◆ **Assigned task**
What you output must be the exact lines from the first line of the data through the one holding "证券之星消息,12月16日,深高速(60", with no pictures.

◆ **Materials provided**
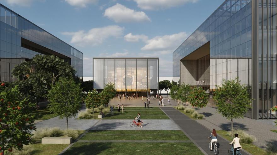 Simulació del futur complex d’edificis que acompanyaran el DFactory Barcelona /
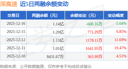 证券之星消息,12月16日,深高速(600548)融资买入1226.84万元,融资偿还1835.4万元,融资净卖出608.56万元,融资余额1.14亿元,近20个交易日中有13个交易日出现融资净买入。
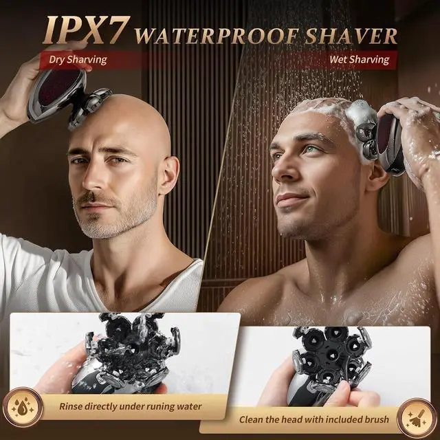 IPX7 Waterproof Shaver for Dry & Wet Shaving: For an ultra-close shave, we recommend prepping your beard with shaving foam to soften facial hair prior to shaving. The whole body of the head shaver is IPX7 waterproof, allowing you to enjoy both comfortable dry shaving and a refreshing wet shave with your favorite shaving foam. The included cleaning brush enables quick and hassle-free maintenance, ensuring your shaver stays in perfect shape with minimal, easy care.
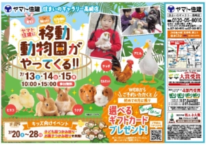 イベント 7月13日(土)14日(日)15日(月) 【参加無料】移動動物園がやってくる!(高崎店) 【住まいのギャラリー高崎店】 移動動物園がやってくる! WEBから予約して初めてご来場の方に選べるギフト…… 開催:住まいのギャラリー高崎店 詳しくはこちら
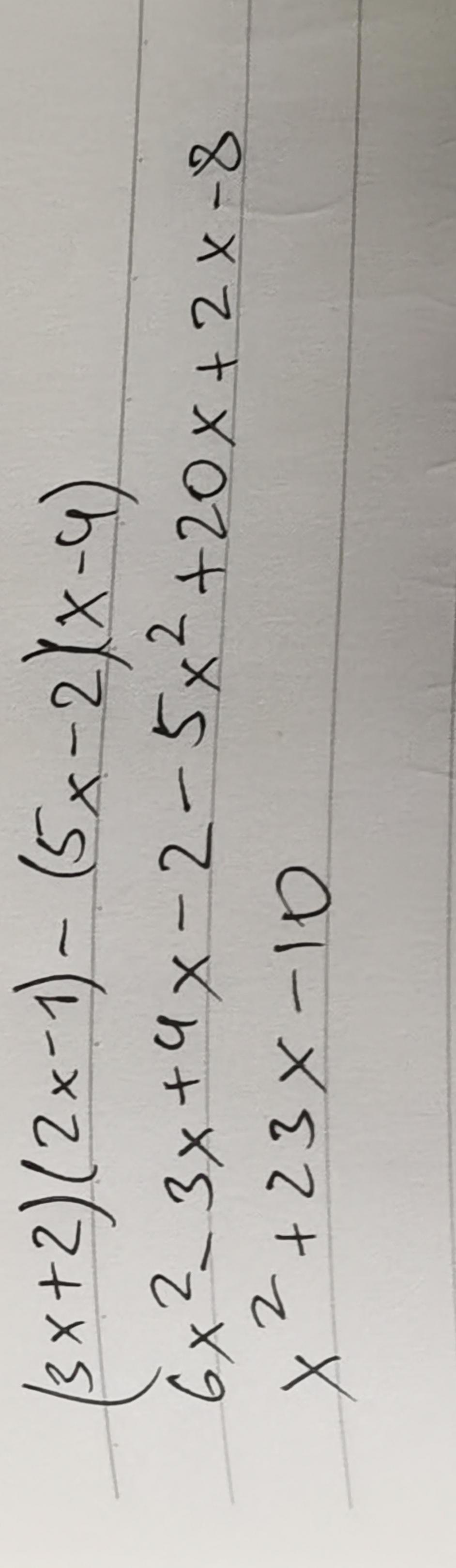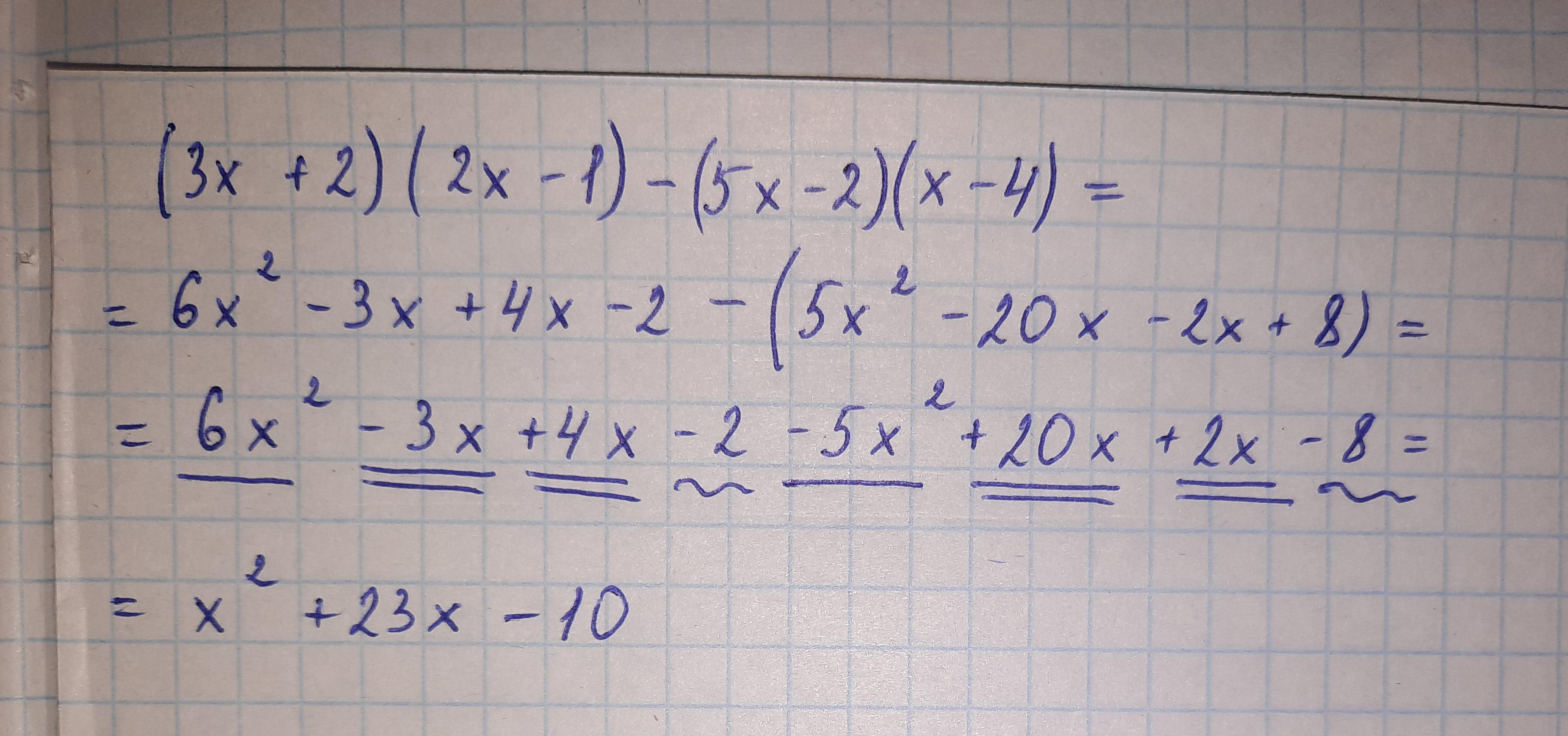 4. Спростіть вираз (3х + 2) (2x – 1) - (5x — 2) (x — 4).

◆ **Completed exercise**
 Simulació del futur complex d’edificis que acompanyaran el DFactory Barcelona /
 证券之星消息,12月16日,深高速(600548)融资买入1226.84万元,融资偿还1835.4万元,融资净卖出608.56万元,融资余额1.14亿元,近20个交易日中有13个交易日出现融资净买入。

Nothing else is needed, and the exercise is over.